In terms of the board's example, a first database is formed with a department table and an employee table for departments and employees with department ID 1 to 5, and a second database is formed with a department table and an employee table for departments and employees with department ID 6 to 10. Each of these databases holds data that is linked through the department ID.
2.6 The appellant did not contest the board's interpretation of claim 1 as set out above.
3. Novelty
3.1 Document D3 relates to a "shared-nothing" parallel database system comprising a master node and multiple slave nodes (paragraphs [0007] and [0034]).
It discloses, with reference to the sample database schema shown in Figure 4, a database partitioning method which, for a given database, horizontally partitions the fact table (the "LINEITEM" table in Figure 4) and one of the dimension tables (the "ORDERS" table in Figure 4) by means of hash partitioning using a common key and distributes the partitions across slave nodes (paragraphs [0007], [0008], [0043] and [0044]).

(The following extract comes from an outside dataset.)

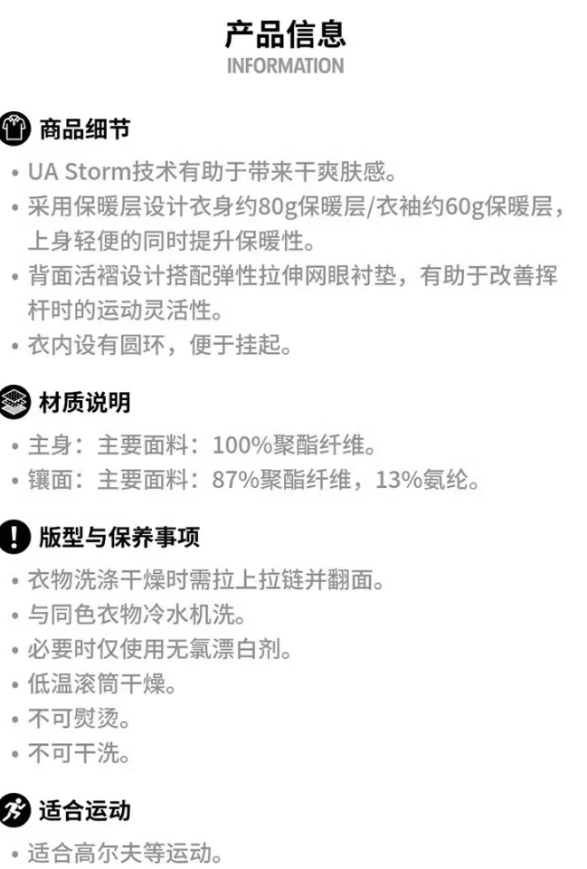 【12.13圣诞专享礼遇】 安德玛男士UA Storm Session高尔夫夹克 1378057-014

Paragraph [0043] discloses that the common key is the primary key of the dimension table and a foreign key of the fact table. The dimension table thus corresponds to the "first table" of claim 1, and the fact table to the "second table".
3.2 The board notes that horizontally partitioning a table means partitioning the rows of the table (see document D1, "Partition methods"). Since the partitioning method of document D3 applies the same partitioning criterion to both the fact table and the dimension table, an equal number of partitions is obtained for both tables.
3.3 Hence, the subject-matter of claim 1 lacks novelty over document D3 (Article 54(1) and 54(2) EPC).
Auxiliary request 1
4. Claim 1 of auxiliary request 1 adds to claim 1 of the main request that each of the partition groups is assigned to an independent processor and/or an independent memory.
5. Since the slave nodes of document D3 include a processor and a memory (see Figure 1 and paragraph [0036]), the subject-matter of claim 1 of auxiliary request 1 also lacks novelty over document D3 (Article 54(1) and (2) EPC).
Auxiliary request 2
6. Claim 1 of auxiliary request 2 adds to claim 1 of the main request that the partition groups comprise "indexes, catalogs, and permissions relating to the data in corresponding partition group [sic]".
7. The added features render the subject-matter of claim 1 new over document D3. However, since indexes, catalogs and permissions are commonplace features of relational database systems, it is an obvious choice to include them in the corresponding partitions of the independently operated databases.
Hence, the subject-matter of claim 1 of auxiliary request 2 lacks inventive step over document D3 (Article 56 EPC).
Auxiliary request 3
8. Admission into the appeal proceedings
8.1 The examining division decided not to admit auxiliary request 3 into the proceedings under Rule 137(3) EPC for being late filed and not prima facie allowable. In its statement of grounds of appeal, the appellant did not give any reason why auxiliary request 3 should be admitted into the appeal proceedings.
Hence, in respect of auxiliary request 3, the statement of grounds of appeal does not comply with Article 12(3) RPBA 2020, which requires that the statement of grounds of appeal contains the appellant's complete appeal case and sets out clearly and concisely why it is requested that the decision under appeal be set aside.
The board therefore has the discretion not to admit this request into the appeal proceedings (Article 12(5) RPBA 2020).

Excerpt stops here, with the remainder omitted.